* [WORK ITEM]: Take each line from the material below that includes the string "Warm" and copy it.

═══

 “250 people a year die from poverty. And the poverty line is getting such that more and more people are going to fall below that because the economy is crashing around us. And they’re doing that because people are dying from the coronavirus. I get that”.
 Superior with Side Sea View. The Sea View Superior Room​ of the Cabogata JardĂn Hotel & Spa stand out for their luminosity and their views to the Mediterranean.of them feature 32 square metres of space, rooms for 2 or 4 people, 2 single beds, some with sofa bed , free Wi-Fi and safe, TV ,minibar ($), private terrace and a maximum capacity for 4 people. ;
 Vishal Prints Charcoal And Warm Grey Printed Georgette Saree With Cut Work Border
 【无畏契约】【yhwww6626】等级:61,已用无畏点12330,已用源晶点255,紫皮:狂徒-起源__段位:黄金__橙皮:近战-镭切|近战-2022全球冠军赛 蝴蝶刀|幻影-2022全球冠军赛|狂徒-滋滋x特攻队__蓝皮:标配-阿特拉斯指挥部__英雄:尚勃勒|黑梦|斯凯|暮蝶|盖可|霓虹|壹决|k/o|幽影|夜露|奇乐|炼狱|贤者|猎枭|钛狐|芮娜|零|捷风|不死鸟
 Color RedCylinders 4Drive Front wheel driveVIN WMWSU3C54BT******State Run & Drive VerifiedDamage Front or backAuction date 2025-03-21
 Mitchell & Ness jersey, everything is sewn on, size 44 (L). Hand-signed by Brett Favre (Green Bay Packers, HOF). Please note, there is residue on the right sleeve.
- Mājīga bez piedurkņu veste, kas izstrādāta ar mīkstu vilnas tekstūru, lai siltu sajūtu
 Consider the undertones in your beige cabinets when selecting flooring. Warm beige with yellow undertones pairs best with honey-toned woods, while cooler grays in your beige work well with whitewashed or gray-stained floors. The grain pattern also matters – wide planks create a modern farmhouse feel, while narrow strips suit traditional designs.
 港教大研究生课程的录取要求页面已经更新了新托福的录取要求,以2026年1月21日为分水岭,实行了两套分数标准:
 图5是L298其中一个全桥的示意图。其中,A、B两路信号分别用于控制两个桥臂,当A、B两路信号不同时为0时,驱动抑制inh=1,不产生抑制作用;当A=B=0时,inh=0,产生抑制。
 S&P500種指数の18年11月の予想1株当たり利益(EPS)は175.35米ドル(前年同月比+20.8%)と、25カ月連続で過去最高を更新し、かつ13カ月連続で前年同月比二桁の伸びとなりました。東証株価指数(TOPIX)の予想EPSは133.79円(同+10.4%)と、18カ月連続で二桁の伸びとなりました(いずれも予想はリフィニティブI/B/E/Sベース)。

═══

* [RESULT OF THE TASK]:
 Vishal Prints Charcoal And Warm Grey Printed Georgette Saree With Cut Work Border
 Consider the undertones in your beige cabinets when selecting flooring. Warm beige with yellow undertones pairs best with honey-toned woods, while cooler grays in your beige work well with whitewashed or gray-stained floors. The grain pattern also matters – wide planks create a modern farmhouse feel, while narrow strips suit traditional designs.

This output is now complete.